◆ **What you are asked to do**
When you copy the data that follows, reproduce every word exactly and leave out the images.
Start of Dataset section
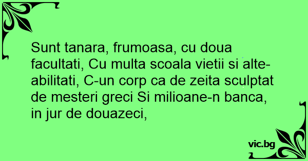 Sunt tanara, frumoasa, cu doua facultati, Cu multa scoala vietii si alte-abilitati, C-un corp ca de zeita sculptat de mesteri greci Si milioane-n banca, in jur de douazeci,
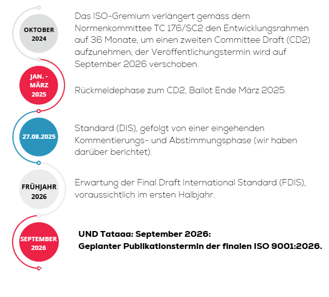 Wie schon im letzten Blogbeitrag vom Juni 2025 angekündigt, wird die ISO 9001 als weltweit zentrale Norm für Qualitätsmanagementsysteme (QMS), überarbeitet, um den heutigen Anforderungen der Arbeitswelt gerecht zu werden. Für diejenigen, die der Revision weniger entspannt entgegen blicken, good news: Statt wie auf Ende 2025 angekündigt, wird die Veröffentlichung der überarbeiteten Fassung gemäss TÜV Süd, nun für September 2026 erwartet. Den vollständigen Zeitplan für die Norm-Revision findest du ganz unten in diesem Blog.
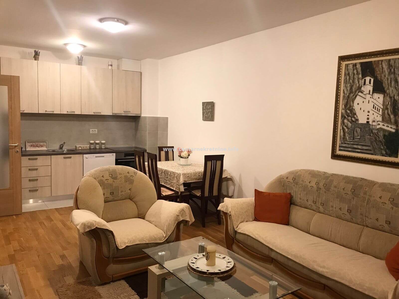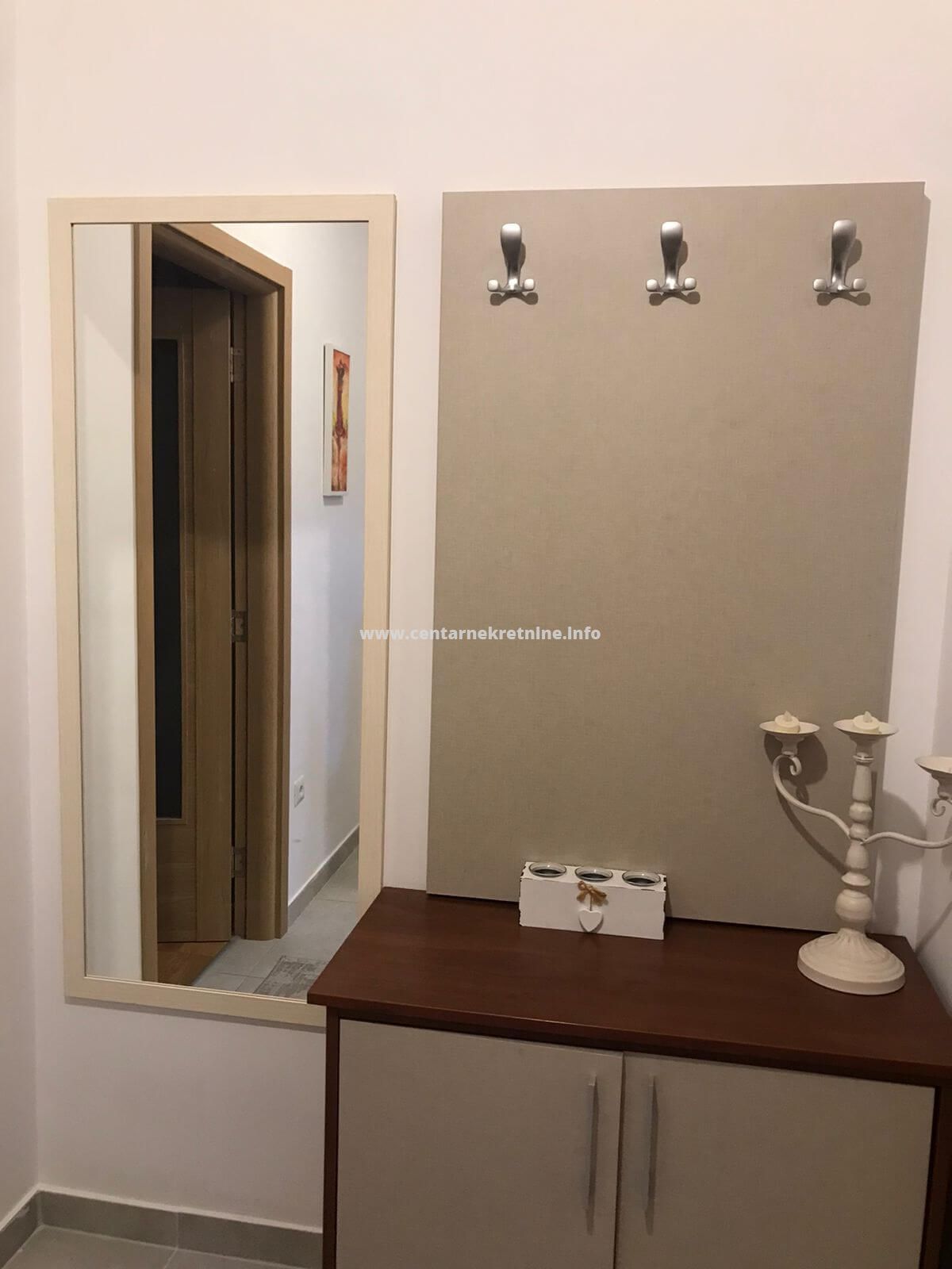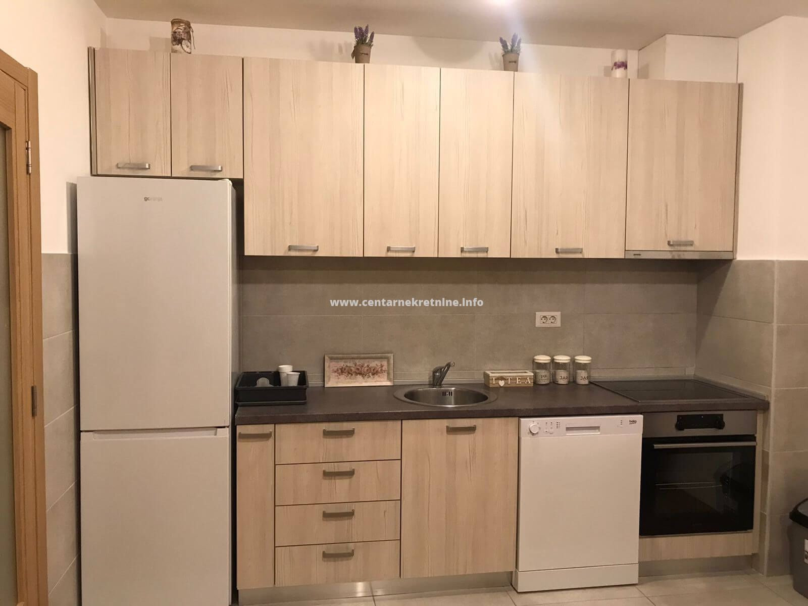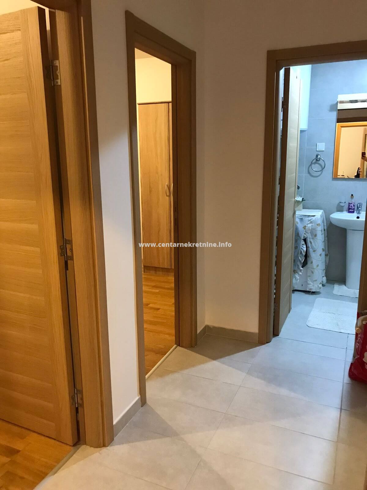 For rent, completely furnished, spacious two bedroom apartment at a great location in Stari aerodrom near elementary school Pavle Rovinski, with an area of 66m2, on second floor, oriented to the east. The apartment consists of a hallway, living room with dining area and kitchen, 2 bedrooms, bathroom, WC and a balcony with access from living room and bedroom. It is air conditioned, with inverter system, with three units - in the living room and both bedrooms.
End of Dataset section
◆ **Output**
 Sunt tanara, frumoasa, cu doua facultati, Cu multa scoala vietii si alte-abilitati, C-un corp ca de zeita sculptat de mesteri greci Si milioane-n banca, in jur de douazeci,
 Wie schon im letzten Blogbeitrag vom Juni 2025 angekündigt, wird die ISO 9001 als weltweit zentrale Norm für Qualitätsmanagementsysteme (QMS), überarbeitet, um den heutigen Anforderungen der Arbeitswelt gerecht zu werden. Für diejenigen, die der Revision weniger entspannt entgegen blicken, good news: Statt wie auf Ende 2025 angekündigt, wird die Veröffentlichung der überarbeiteten Fassung gemäss TÜV Süd, nun für September 2026 erwartet. Den vollständigen Zeitplan für die Norm-Revision findest du ganz unten in diesem Blog.
 For rent, completely furnished, spacious two bedroom apartment at a great location in Stari aerodrom near elementary school Pavle Rovinski, with an area of 66m2, on second floor, oriented to the east. The apartment consists of a hallway, living room with dining area and kitchen, 2 bedrooms, bathroom, WC and a balcony with access from living room and bedroom. It is air conditioned, with inverter system, with three units - in the living room and both bedrooms.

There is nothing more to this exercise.